Java unit testing using JUnit

The Junit tests run on the host, in an environment that doesn't include the C++ components of Chromium. This gives two problems:

These members are not generally called from other Java code, so are typically declared as private. They are, however, part of the class's interface, so it makes sense to test them. The solution is simple; change their scope to package or public.

Calls to native code won't work in this environment, so the test needs to intercept these calls. To solve this:

  1. Give your native methods a scope (package or public) that makes them visible to the tests, and mark them @VisibleForTesting.
  2. Use Mockito.spy to spy on the class you are testing.
  3. Stub the native method using Mockito. See the Mockito notes on spying on real objects.

The following code shows an example of this:

// Spy on the authenticator so that we can override and intercept the native method call.

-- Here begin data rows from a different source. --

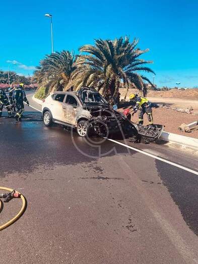Un vehículo turismo quedó prácticamente calcinado al incendiarse tras colisionar con otro cuando circulaba por el desvío de salida hacia la autovía GC-1, en dirección hacia la capital grancanaria, desde la Avenida del Cabildo (GC-10). El accidente ocurrió minutos antes de las 14.00 horas de este miércoles festivo, según informaron testigos presenciales.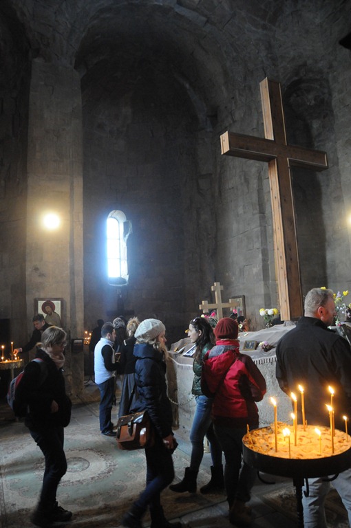 Built sometime between the years 590 and 605, the Great Church of Jvari at the monastery is small and unimposing, but with an almost palpable feel of history emanating from its walls. Inside the church, I was hit with the smell of candles, and witnessed the devout praying by the rock formation that held the original cross.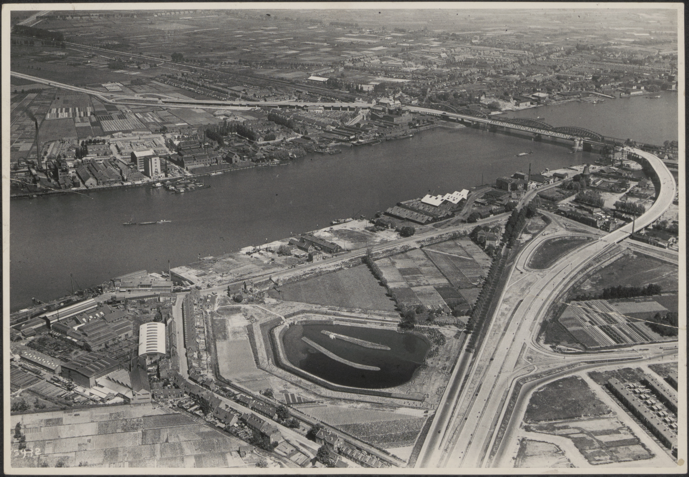 Luchtfoto van het gebied bij de bruggen over de Oude Maas. Linksonder Penn & Bauduin, …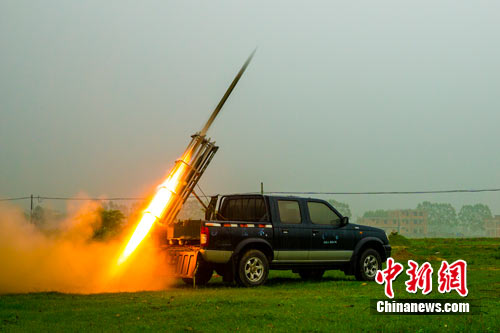 图为4月7日,广西钦州市钦南区尖山镇西沟村,一枚人工增雨火箭弹射向预定空域。中新社发 李斌喜 摄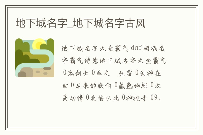 地下城名字大全霸氣 dnf游戲名字霸氣詩意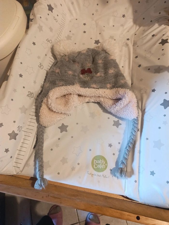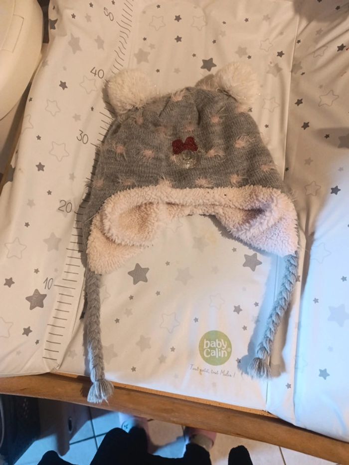 Bonnet Minnie pour fille enfant avec pompon blanc
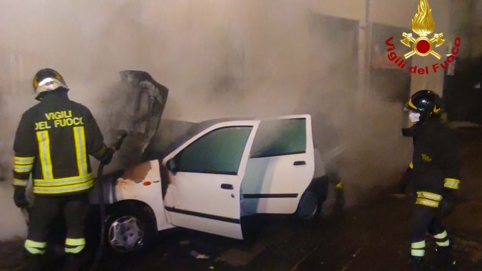 Le fiamme hanno distrutto una utilitaria parcheggiata lungo corso Umberto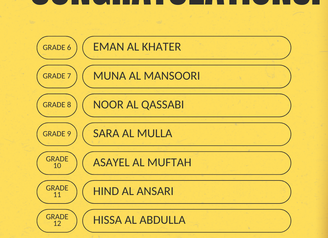 Student Body Reporter: Noor Al Qassabi (Gr. 8)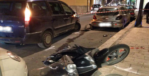 Violento scontro tra uno scooter ed un'auto stanotte in via Vasari, centauro in ospedale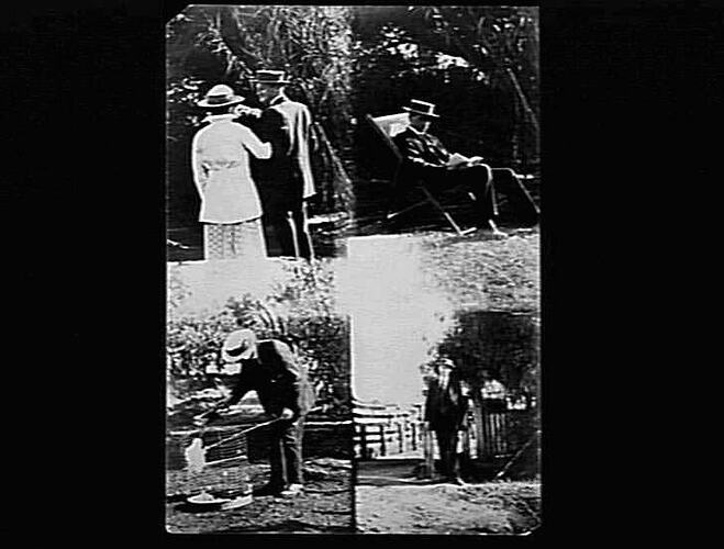Four portraits of a man: walking arm in arm with a woman; sitting in a deck chair; prodding a cockatoo in a cage with a stick; standing near a fence.
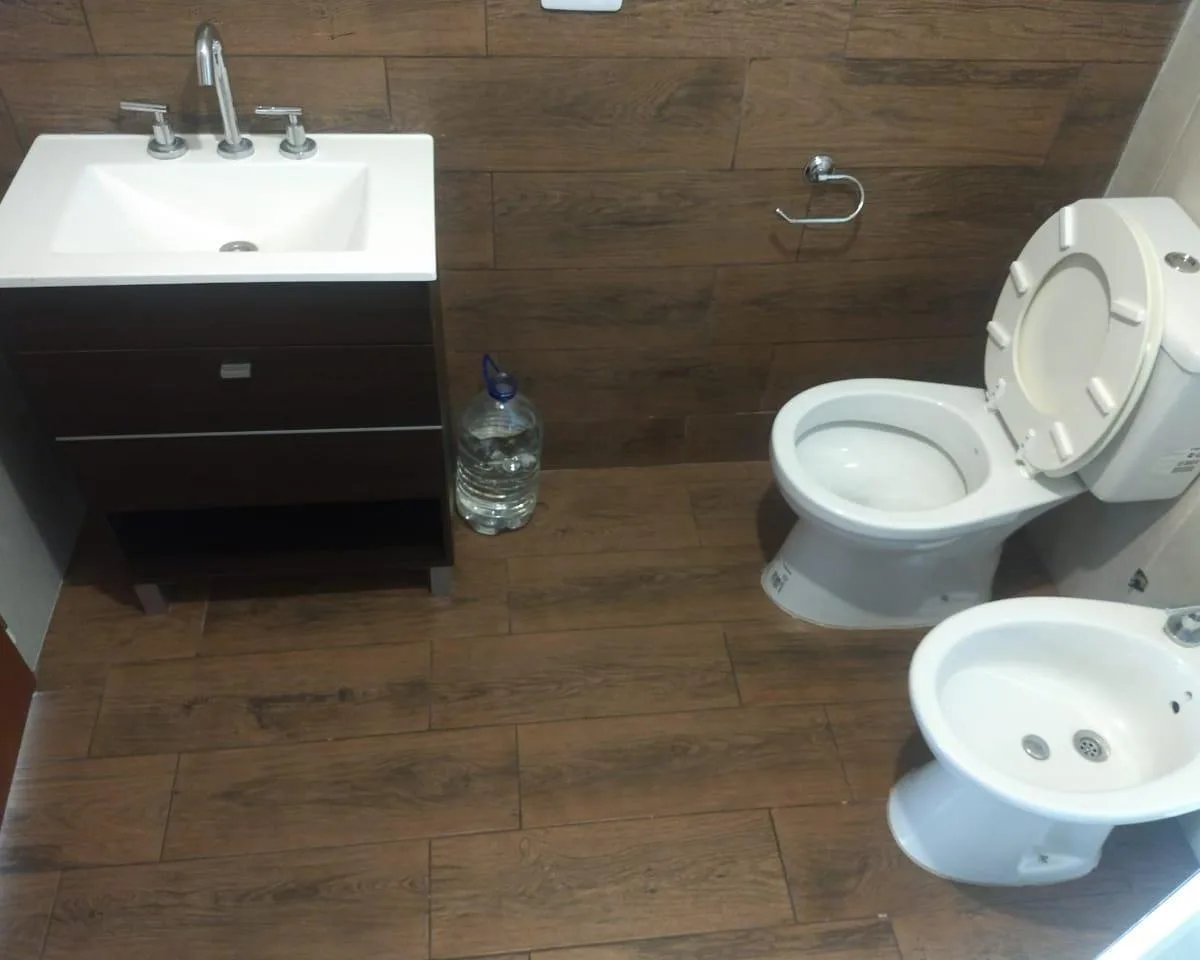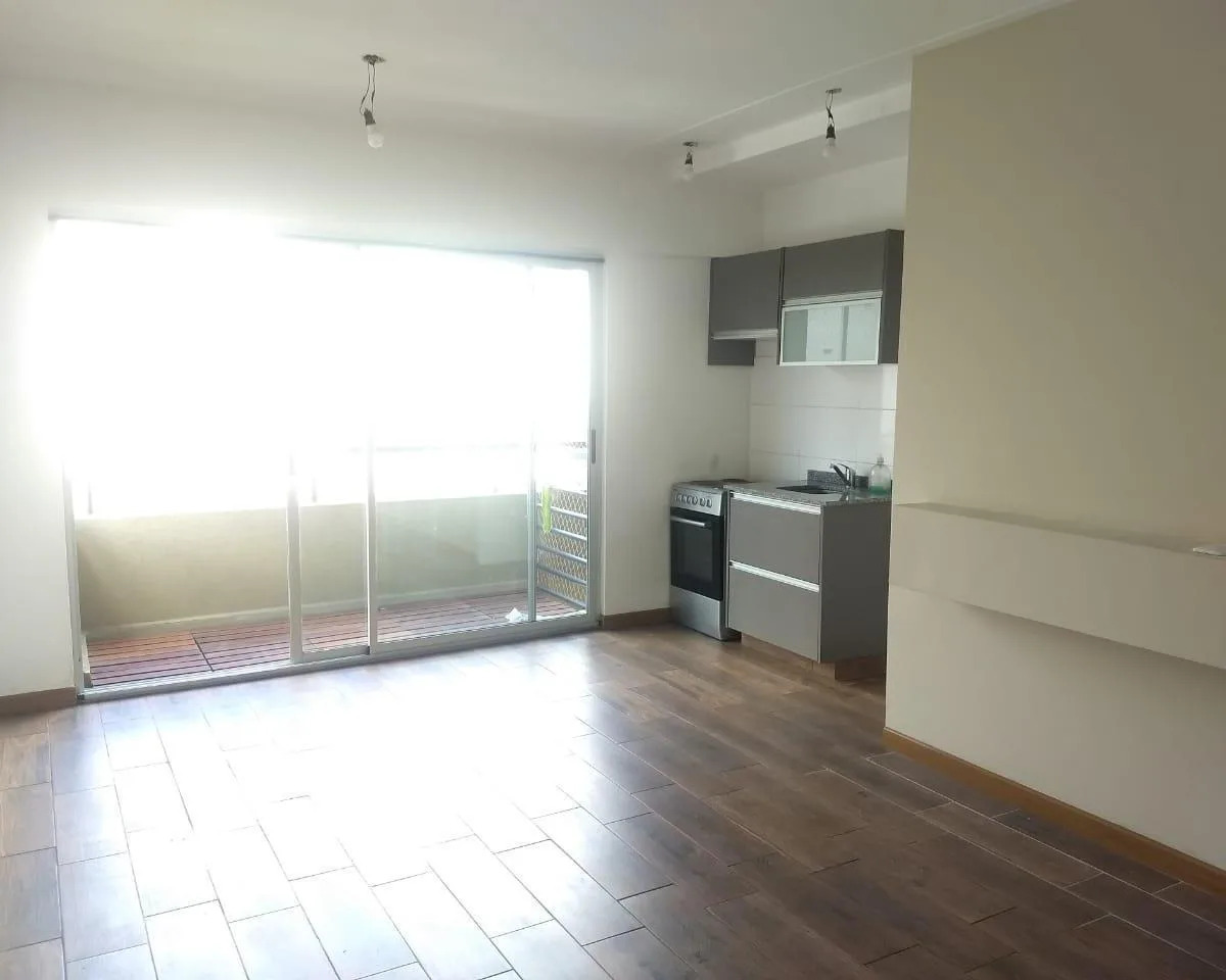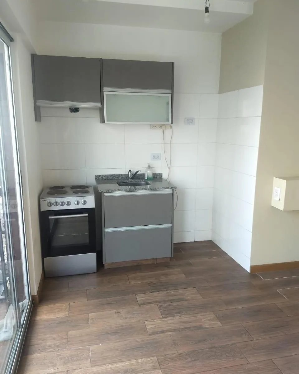 Квартира-студия в Flores, окна на улицу, с балконом. Площадь 30 m² (общие), планировка включает комнату с встроенной кухней с электрической плитой и мебелью верхних и нижних модулей. В прихожей шкаф, санузел с душевым поддоном и есть место для стиральной машины. Коммунальные платежи здания составляют около $115.000 и включают AySA, горячая вода централизованная.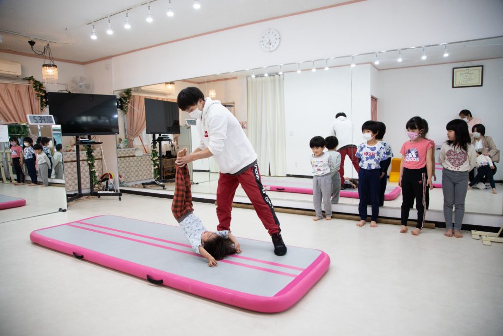 前転やプリッジ、側転をはじめバック転や宙返りなど習得したい技を指導します。段階的に必要な動作・感覚を身につけながら一人一人丁寧な補助、アドバイスで技能を高めていきましよう。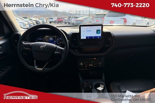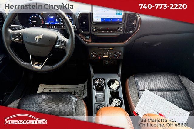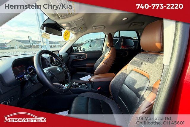 Herrnstein Auto Group is very proud to offer this 2021 Ford Bronco Sport Outer Banks in Red with Ebony/Brown Leather. This Bronco Sport is very well equipped with 1 Owner, Accident Free History Report, Alloy Wheels, XM/Sirius Satellite Radio, iPod / USB Port, Auxiliary Audio Port, Backup Camera, Touchscreen Control Center, Bluetooth®, Voice Recognition, Apple CarPlay, Android Auto, Fog Lights, Remote Start, Heated Steering Wheel, Heated Mirrors, Heated Seats, and Blind Spot Monitor Equipment Group 300A, 4WD, 3.80 Axle Ratio, 4-Wheel Disc Brakes, 6 Speakers, ABS brakes, Air Conditioning, Alloy wheels, AM/FM radio: SiriusXM, AM/FM Stereo, Auto High-beam Headlights, Auto-dimming Rear-View mirror, Automatic temperature control, Brake assist, Cargo Mat, Compass, Delay-off headlights, Driver door bin, Driver vanity mirror, Dual front impact airbags, Dual front side impact airbags, Electronic Stability Control, Emergency communication system: SYNC 3 911 Assist, Exterior Parking Camera Rear, Four wheel independent suspension, Front & Rear Floor Liners, Front anti-roll bar, Front Bucket Seats, Front Center Armrest, Front dual zone A/C, Front fog lights, Front reading lights, Fully automatic headlights, Heated door mirrors, Heated front seats, Heated steering wheel, Illuminated entry, Knee airbag, Leather Trimmed Heated Sport Contour Bucket Seats, Low tire pressure warning, Occupant sensing airbag, Outside temperature display, Overhead airbag, Overhead console, Panic alarm, Passenger door bin, Passenger vanity mirror, Power door mirrors, Power driver seat, Power passenger seat, Power steering, Power windows, Radio data system, Rain sensing wipers, Rear anti-roll bar, Rear Parking Sensors, Rear reading lights, Rear seat center armrest, Rear window defroster, Rear window wiper, Remote keyless entry, Roof rack: rails only, Security system, SiriusXM Radio, Speed control, Speed-sensing steering, Speed-Sensitive Wipers, Split folding rear seat, Steering wheel mounted audio controls, SYNC 3 Communications & Entertainment System, SYNC 3/Apple CarPlay/Android Auto, Tachometer, Telescoping steering wheel, Tilt steering wheel, Traction control, Trip computer, Variably intermittent wipers, and Wheels: 18 Ebony Black-Painted Aluminum. 25/28 City/Highway MPG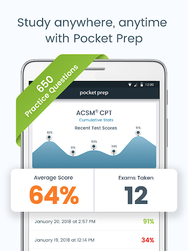 Pocket Prep’s ACSM CPT practice test app is a powerful exam simulator that allows you to create customized practice tests with detailed answer explanations for every question. View your results and exam history with just a few taps. Study anywhere at any time without Internet connectivity.

HttpNegotiateAuthenticator authenticator =

spy(HttpNegotiateAuthenticator.create(1234, "Dummy_Account"));

doNothing().when(authenticator).nativeSetResult(anyLong(), anyBoolean(), anyString());

You can check that the native methods are called correctly using Mockito.verify etc

C++ unit testing of classes calling Java

If you are testing a C++ class that calls Java methods there is generally no way of stubbing or mocking the Java methods in C++ without significant code changes (e.g. creating a C++ wrapper for the Java methods). C++ unit tests can, however call Java through the JNI. For many cases calling the real Java classes in the tests works fine, however if you need to stub or mock a Java class you can do so by writing an alternative version of it, with the same native interface, and building your tests against that alternative version.

One problem that can occur is that certain Android SDK methods (e.g. those of AccountManager) return their results asynchronously through callbacks. These callbacks are called through the Android event loop, so can only be called on a thread that runs an Android Looper. At least some of the unit tests (e.g. the net_unittests) run on a thread that does not call the Android looper within their message loop's Run() method. One possible solution to this is to:

  1. Create a new Java thread with a Looper.
  2. Use ThreadUtils.setUiThread to tell Chrome that this is the UI thread.
  3. Run your test on the original thread, calling its Run method as appropriate. The test's Run loop should be terminated through a call to Quit once the result has been returned to the C++ code.

base::StartTestUiThreadLooper will start such a dummy UI thread.